The American workplace, especially the realm of high-powered jobs, is particularly hostile to the family. Longer work hours are demanded, weekends are consumed and paid vacations are much shorter than in many other developed nations. Meanwhile, high-quality, affordable childcare is extremely hard to find. And even good childcare centers have their own problems, such as increased exposure to colds and other illnesses for the children and thus the whole family.

The war between stay-at-home moms and those who head to out-of-home jobs has never managed a cease-fire, but should never have been necessary in the first place. There’s no getting around the fact that the hours demanded from employees have seriously eroded the quality of our lives in many ways. We commonly eat overly processed foods because they’re faster and more convenient than cooking whole foods; who has energy for chopping vegetables and roasting meats after a 12-hour day? We get less exercise and much less time for relaxation and recreation.

Of course, Facebook and Apple didn’t create this culture. They’re just offering another benefit to those who choose it, and they already offer many helpful and unusual benefits intended to foster healthier and happier conditions.
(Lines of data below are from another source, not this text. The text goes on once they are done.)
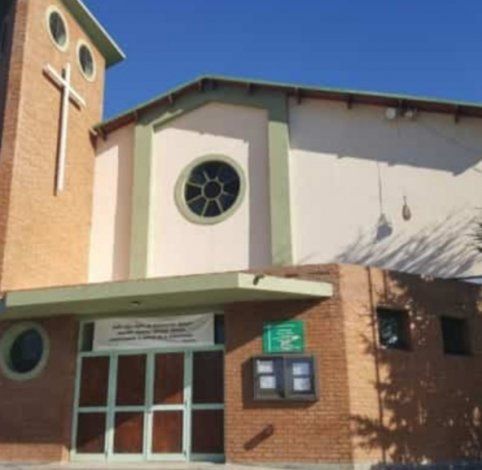La iglesia está ubicada sobre la calle Roca, frente a la plaza San Martín de Cutral Co y parece habitual que los adolescentes utilicen todos sus costados para hacer diferentes piruetas con el skate o en bicicleta.
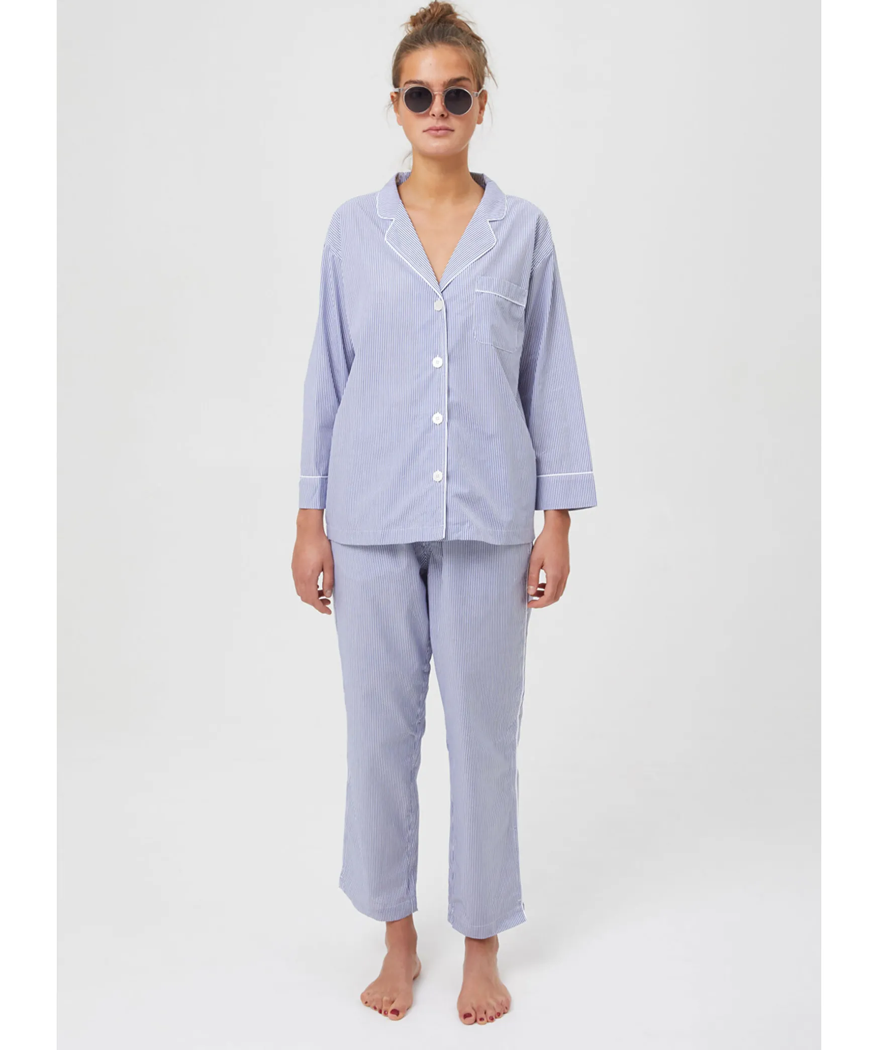 Eve Ar En Dampyjamas I 100% Bomull. Skjortan Har En Brostficka Och Byxorna Har Vita Passpoaler Med Tva Sidfickor. • 100% Bomull. • Byxa Med Resar Samt Dragsko I Midjan.• Knappning Med Knappar.• Tyg Fran Portugal. • Tillverkad I Kroatien.
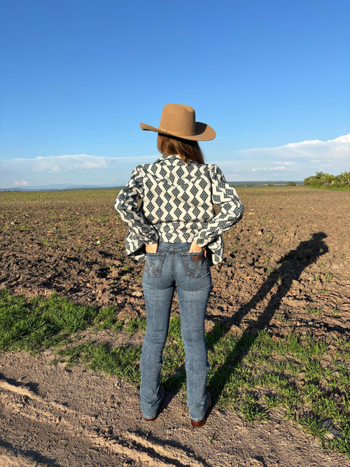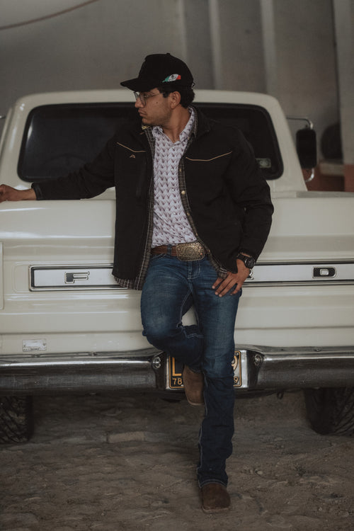 - Corte regular con manga larga, botones tipo snap en pecho y puño fáciles de abrochar.
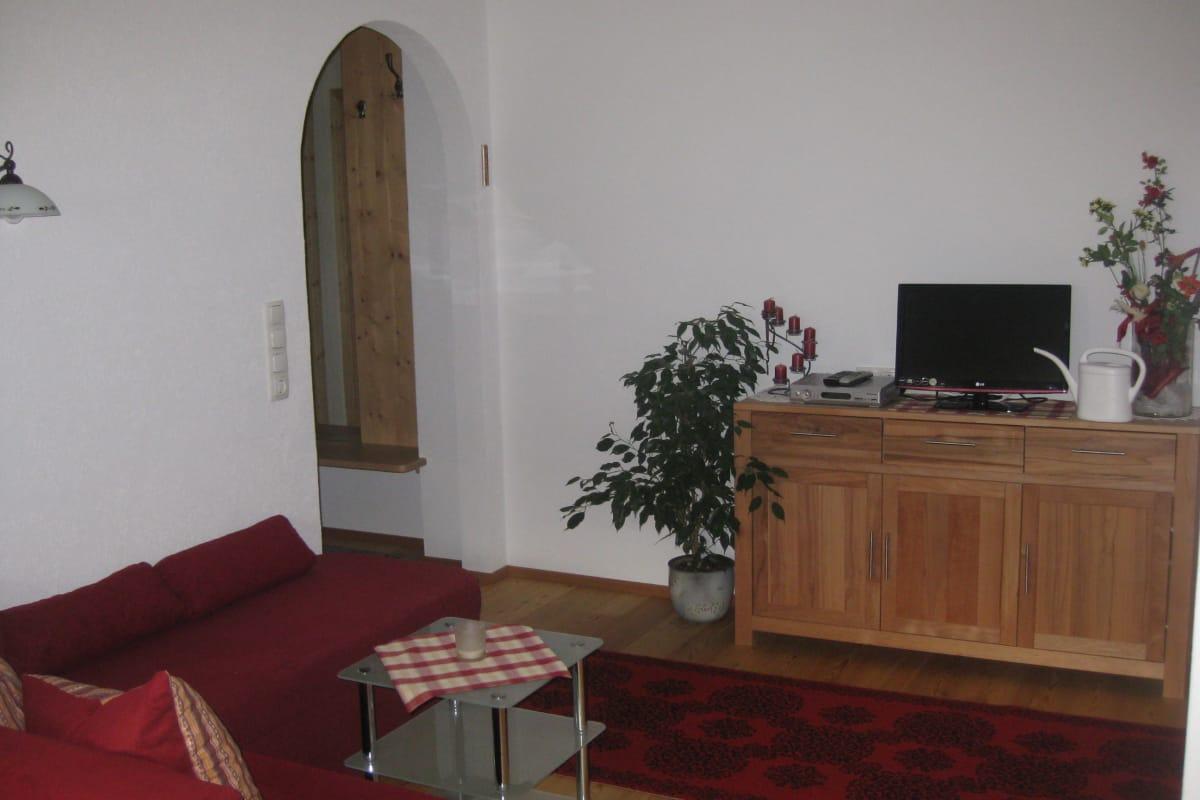 Die Ferienwohnung Morgensonne ist nach Osten ausgerichtet und besteht aus einem Dreibettzimmer mit Balkon, einem weiteren Doppelzimmer mit Zustellbett für kleine Kinder, einer Wohnküche mit Küchenzeile, Esstisch und Couch mit TV, einem WC und einem Duschbad mit Fenster. Kinderausstattung wie Gitterbett, Wickelauflage, Kinderstuhl uvm. ist vorhanden.
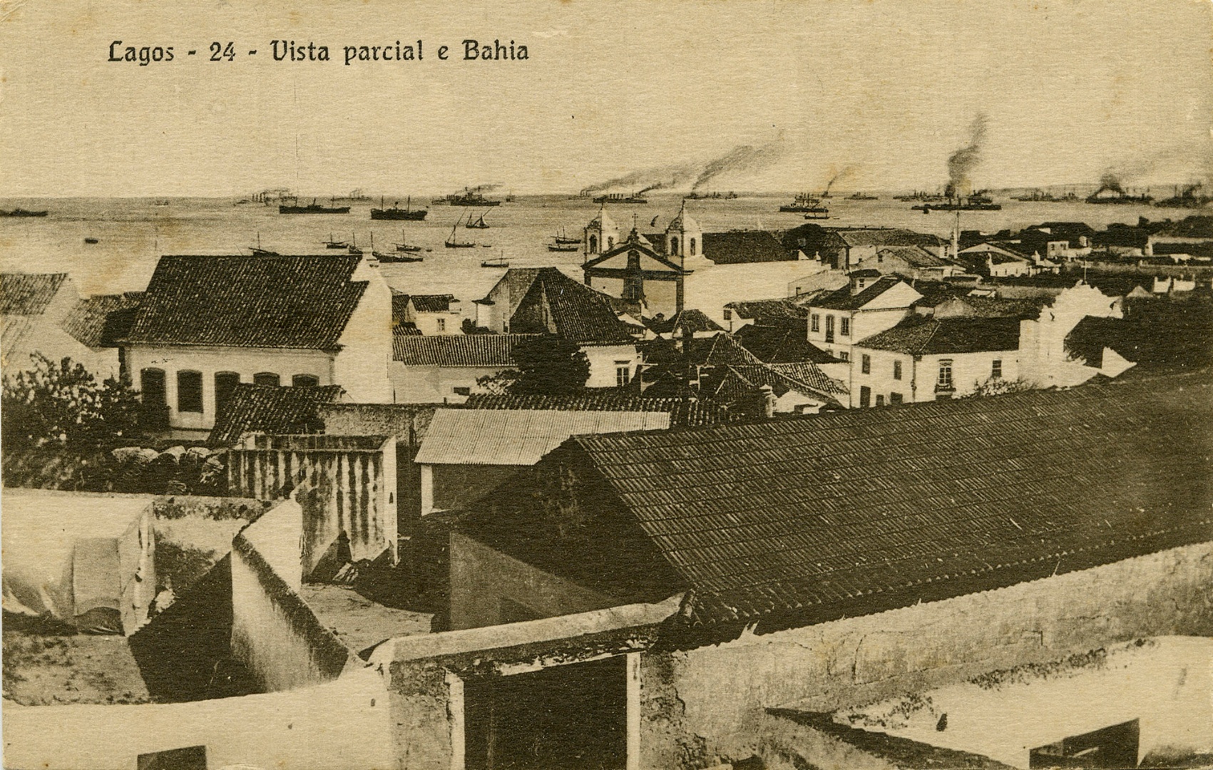 Baía de Lagos e navios, c. 1905 (?), cliché publicado numa revista Ilustração Portuguesa de 1912.
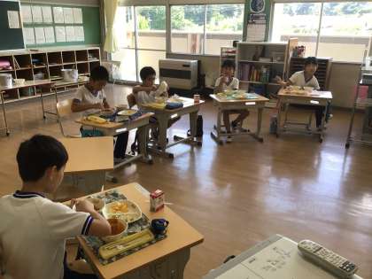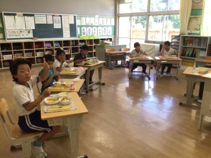 久しぶりの給食。「おいしいですか?」「(サムズアップポーズ)」
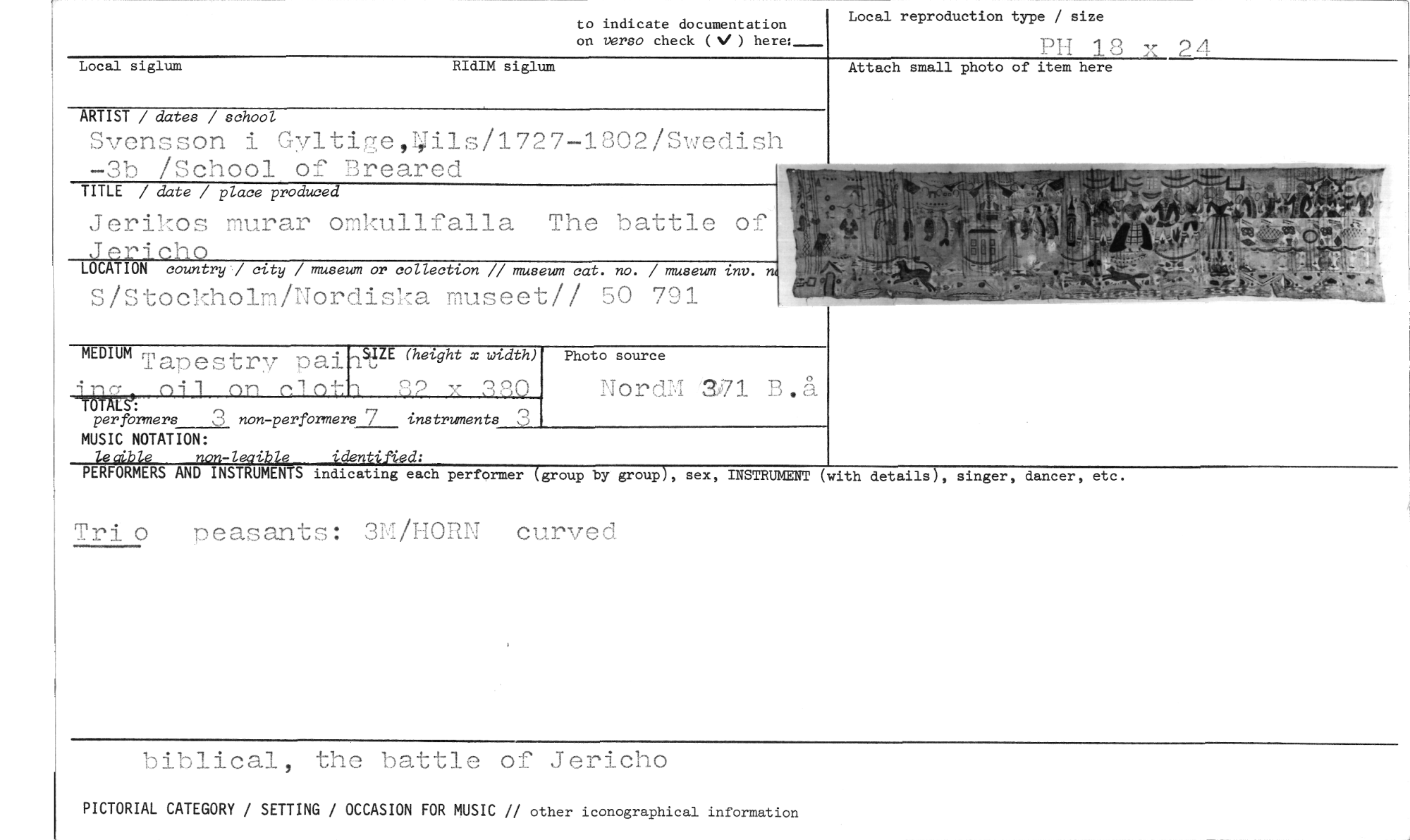 //// Local reproduction type / size //// PH 18 x 24 //// to indicate documentation //// on versa check (V) here:— //// Local siglum RIdIM siglum //// ARTIST / dates / school //// Svensson i Gyltirm,4ils/1727-1802/Swedish -3b /School of Breared //// TITLE / date / place produced //// Jerikos murar omkullfalla The battle o_ //// Jericho //// LOCATION country? city / museum or collection // museum cat. no. / museum 1.nv. //// S/Stockholm/Nordiska museet// 50 791 //// Attach small photo of item here //// MEDIUMTapestrvpain.T //// sazE (hel.ght x wtdth) Photo source //// itu-, ni 1 ön el 32 Y: 330 NordM 71 B.å //// TOTALS: //// per formers 3 non-peribrmers 7 instruments 3 //// MUSIC NOTATION: //// Dgfible non-lecible identified: //// PERFORMERS AND INSTRUMENTS indicating each performer (group by group), sex, INSTRUMENT (with details), singer, dancer, etc. //// Trio peasants: 3P/MORN curved //// biblical, the battle of Jericho //// PICTORIAL CATEGORY / SETTING / OCCASION FOR MUSIC // other iconographical information ////

Some worry about a tacit message to women that they had better want the egg freezing if it’s offered, that they will look bad to management if they don’t focus entirely on their careers right now and put off child-rearing. But that’s an imbalanced way of looking at it; we don’t see companies that offer free or low-cost, on-site childcare being accused of delivering an unspoken message that women had better have children right away for the sake of their careers.

Still, the perk in the U.S. workplace that most women and men can’t get is the flexibility to work fewer hours or more nontraditional hours to help fit their work lives and family lives together, without sacrificing their ability to get ahead. That’s not to mention the more basic benefit unavailable in many workplaces of adequate family leave time for when parents are needed at home. We’d be a healthier, happier and better-working nation if those were common.

The response might be that people have to choose between putting in a full-bore effort at work, or being more family oriented. But studies tend to find that flextime, for example, leads to higher productivity, stronger loyalty to the employer and, in fact, more work hours devoted to the job. That’s especially true when employees get to work from home at least some of the time.